So, Angel, unfortunately, did not make it. Her death is not really a shock, I suppose. Chickens are fragile creatures.
A couple of years back, I remember a man and his son stopped at the farm. Frantic.
“Do you know anything about chickens?” The father had pleaded. “We bought a bunch, and they are dying.” He opened his trunk to reveal about fifty chicks, half of which were dead. I watched as each minute a chick would stop and die. I had no answer for him then, and I have no answer now.
Things get sick.
“It’s O.K.” Kitt said when I told her about Angel.
Her reaction is also not shocking. As we live on a farm, death is a natural part of the landscape. Last year’s pig? She’s in the freezer. That steer you named? The steak you ate for dinner.

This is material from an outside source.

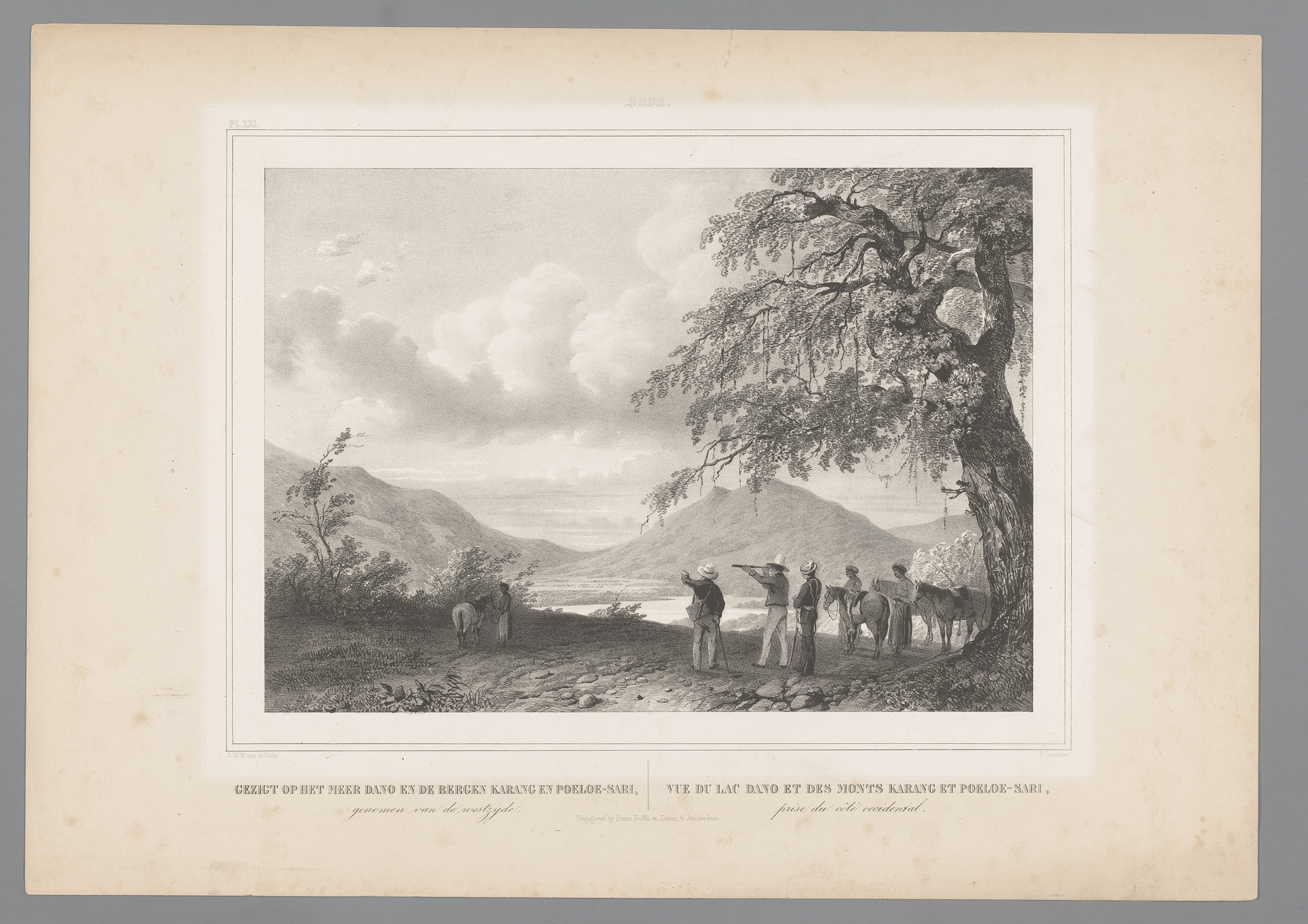 Landschap met figuren bij een meer en de vulkanen Gu...

I am not sure, however, of what her actual four-year-old concept of death is. Honestly, I am not even sure what my forty-one-year-old concept of death is. Most days, I believe that we are so much more than these suits of flesh that connect us to this plane. Others, I wonder if death is the end. If that last breath we take is our last connection to anything.

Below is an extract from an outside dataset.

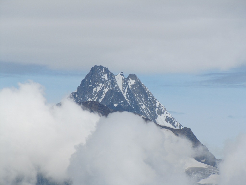 Finsteraarhorn und Lauteraarhorn schauen zwischen den Wolken heraus

“I could never live on a farm,” my mother told me as she tried to nurse the chicken back to health. “All of these animals have little souls. I don’t know how you do it.”
I have thought a lot about this living on the farm. I think about it when I watch our herd leave an older cow to babysit while the rest go to graze. I think about it when I look into the lamb’s eyes as I feed him hay and pet him. I think about it when I have to knee one of our bucket fed calves back because she thinks my vagina is food.
And then I think of Kitt.
I am jealous of her, really. My first taste of death came the summer after my 7th grade year when a classmate was killed in a car accident. Having been at our camp on Moosehead Lake for the week, I had been incomminucado. I learned about her death only after the funeral. I spent the next week or so expecting everyone I knew to die. If death could happen to her, it could happen to anyone, at any time. I started imagining the horrific demises of all of my loved ones. My father died being electrocuted while trying to fix a paper machine in the mill. My mother died driving home a little too fast on the highway. My sister died crossing the street. Everyone I looked at faded, and I was left with how each would leave me.
Kitt will realize, as she grows, that we all live. We all serve our purpose. And we all die. This idea will become a thread woven into her concept of life, as it is an integral part of my husband’s concept. While he and I may disagree about what happens after this life, I have to admire him for how he lives this one.
I told Kitt this morning that it is time to let the other chickens out of the coop, as they were big enough to start grazing. “Maybe we can get a cat cage so that the cats won’t kill the chickens,” she said. “We can put food and water in it so that they will be all right, too.”
Today I realize that we are all as fragile as that young hen we lost, and while some days force us to realize that death just happens, others have us holding it back in a small wire cage. Leaving it food and water, of course, because we wouldn’t want it to have to look elsewhere to be fed.